Utilizing hazard ratios (HRs) and corresponding 95% confidence intervals (CI), the study examined the risks of various digestive diseases, including gastrointestinal (GI) dysfunction, peptic ulcer disease (PUD), gastroesophageal reflux disease (GERD), gallbladder disease, severe liver disease, non-alcoholic liver disease (NAFLD), and pancreatic disease.
The results revealed that, compared to the contemporary comparison group, individuals with a history of COVID-19 had significantly higher risks across several digestive diseases.
Notably, the risks of GERD increased in a stepwise fashion with the severity of the acute phase of COVID-19 infection. Even after a 1-year follow-up, both GERD and GI dysfunction continued to pose risks to COVID-19 patients. Reinfection with SARS-CoV-2 was associated with a higher risk of pancreatic diseases. Importantly, the consistency of results was maintained when the historical cohort was used as the comparison group.
Implications of Findings
The study's findings contribute significantly to our understanding of the long-term consequences of COVID-19 on the digestive system. The association between COVID-19 and heightened risks of GI dysfunction, GERD, and other digestive system ailments underscores the need for sustained attention to post-acute complications. Moreover, the risks were evident even in non-hospitalized COVID-19 patients, emphasizing the broad impact of the virus on digestive health.
Key Findings:
-Association with Digestive Diseases: COVID-19 is significantly associated with a heightened long-term risk of various digestive system diseases, including GI dysfunction, GERD, and more.
-Generalizability and Inclusion: The inclusion of both male and female participants in the UK Biobank cohort enhances the generalizability of the study compared to previous research with sex-selective biases.
-Risk in Non-Hospitalized Cases: Individuals with mild COVID-19 symptoms, not requiring hospitalization, face elevated risks of GI dysfunction, PUD, GERD, and NAFLD.
-Severity Impact: The severity of COVID-19 is linked to an increased risk of developing GERD, emphasizing the need for tailored healthcare strategies across different degrees of severity.
-Prolonged Impacts: Risks of GI dysfunction and GERD persist beyond 1-year follow-up, highlighting the long-term effects of COVID-19 on specific digestive disorders.
-Reinfection Risks: Individuals with SARS-CoV-2 reinfection exhibit a significant increase in the long-term risk of developing pancreatic diseases.
Study Strengths
While the precise mechanisms linking COVID-19 to digestive diseases remain elusive, several possibilities have been proposed. These include fecal-oral transmission, interactions with the angiotensin-converting enzyme 2 (ACE2) receptor, and the role of inflammatory markers and cytokines. The study's strengths lie in its extended follow-up period, nationwide representation, comprehensive comparison groups, and subgroup analyses, which contribute to the validity and reliability of the findings.

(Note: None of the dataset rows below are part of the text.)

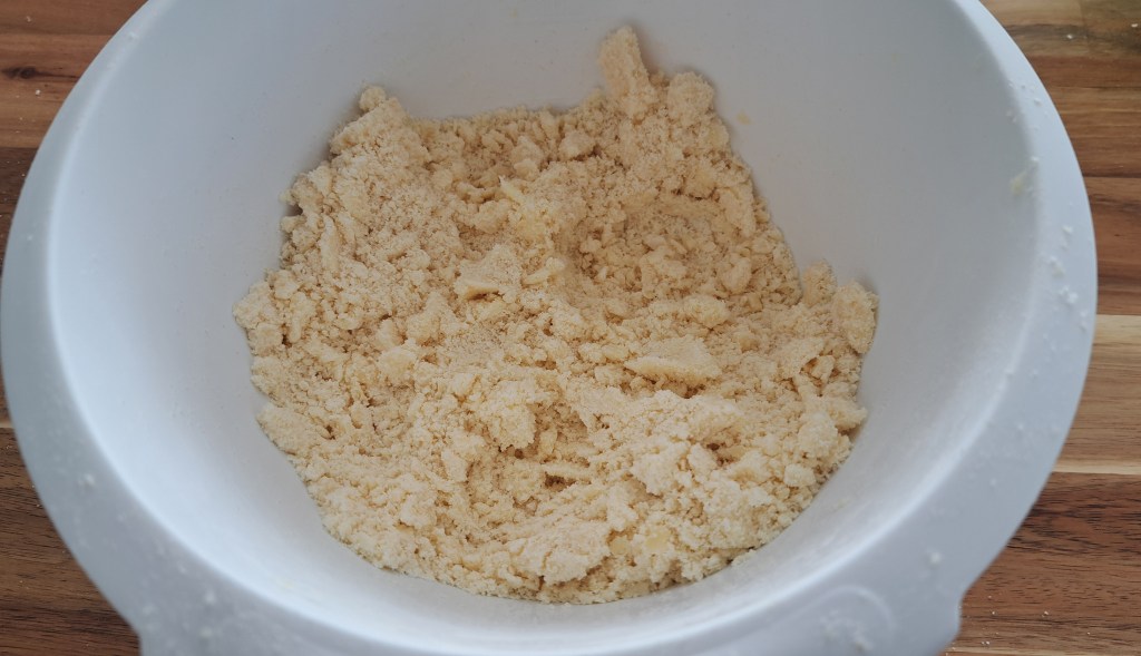 - Pétrir du bout des doigts jusqu’à obtenir un aspect sableux.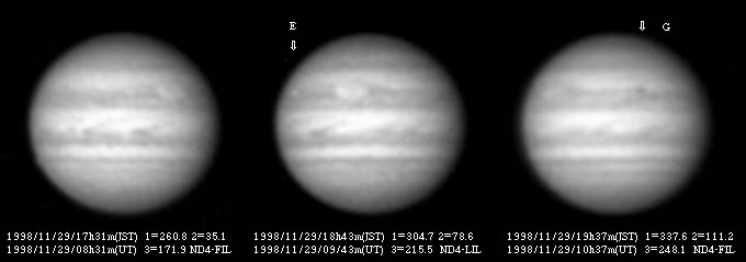 ![]() Image#95 1998/11/29 08:31(UT) I=260.8 II= 35.1 Image#96 1998/11/29 09:43(UT) I=304.7 II= 78.6 Image#97 1998/11/29 10:37(UT) I=337.6 II=111.2 | |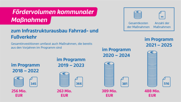 Die Nachfrage der Kommunen nach einer Förderung von Rad- und Fußverkehrsinfrastruktur ist größer denn je. Das neue Förderprogramm des Landes wächst für die Jahre 2021 bis 2025 auf mehr als 500 Maßnahmen mit einem Gesamtinvestitionsvolumen von rund 490 Millionen Euro.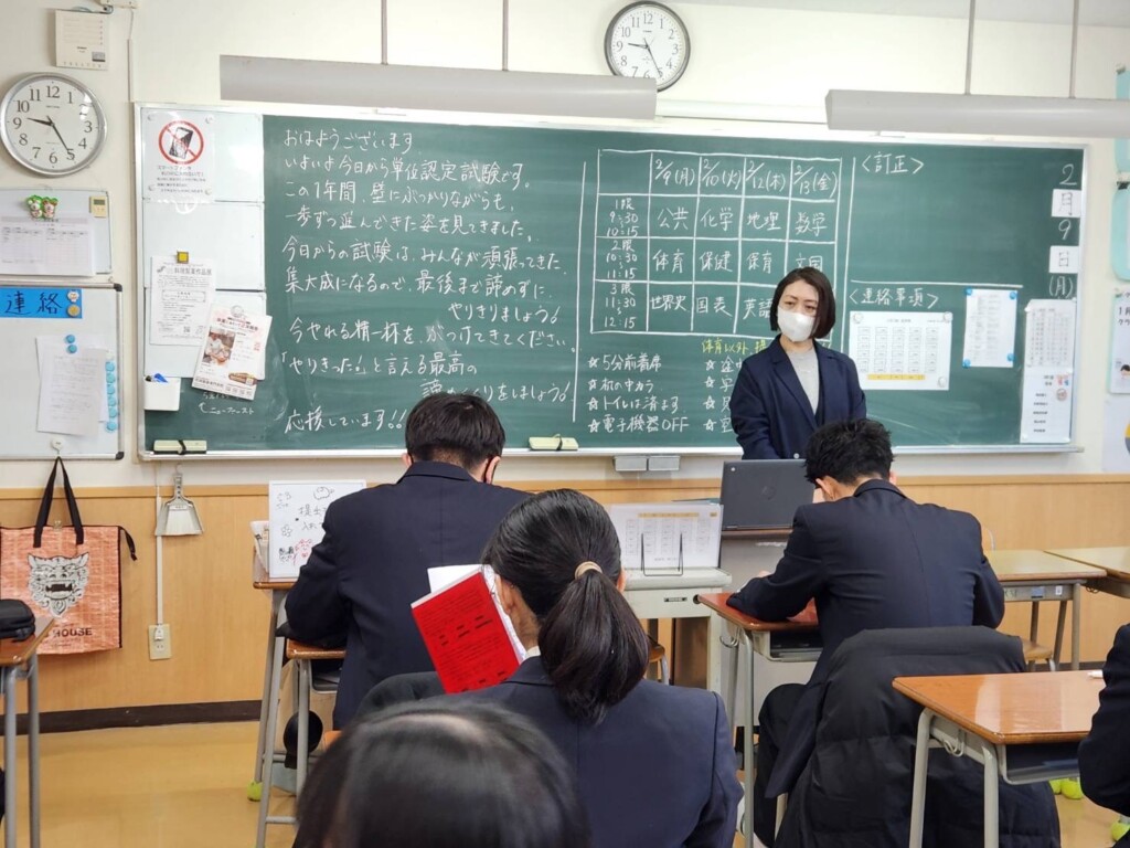 2026年02月10日 入学希望者向け 1.2年生 単位認定試験を頑張っています(横浜校) 1、2年生は、2月9日(月)から13日(金)まで単位認定試験となっています。(11日(水)は祝日のためお休み)今年度最後の定期試験ということもあり、いつもに増して対策プリントやトライアルウィークでしっかりと勉強をしていたとの声を多く聞きました。 今日は2日目ですが、進級に関わる大切な試験にもなりますので、最後までしっかりと自分の持っている力を出し切れるよう全力で試験に臨んでほしいと思います。がんばれ、1.2年生!!

In conclusion, this population-based cohort study unravels the enduring risks of digestive diseases following COVID-19. The findings emphasize the necessity for long-term care, management, and tailored follow-up strategies for individuals who have faced the virus. Comprehensive awareness of the varying risks over time is crucial for developing appropriate healthcare strategies during the post-acute phase and ensuring effective long-term clinical follow-up post-recovery. As we continue to grapple with the far-reaching consequences of the pandemic, this research serves as a valuable guide for healthcare practitioners and policymakers in addressing the complex aftermath of COVID-19.
The study findings were published in the peer reviewed journal: BMC Medicine.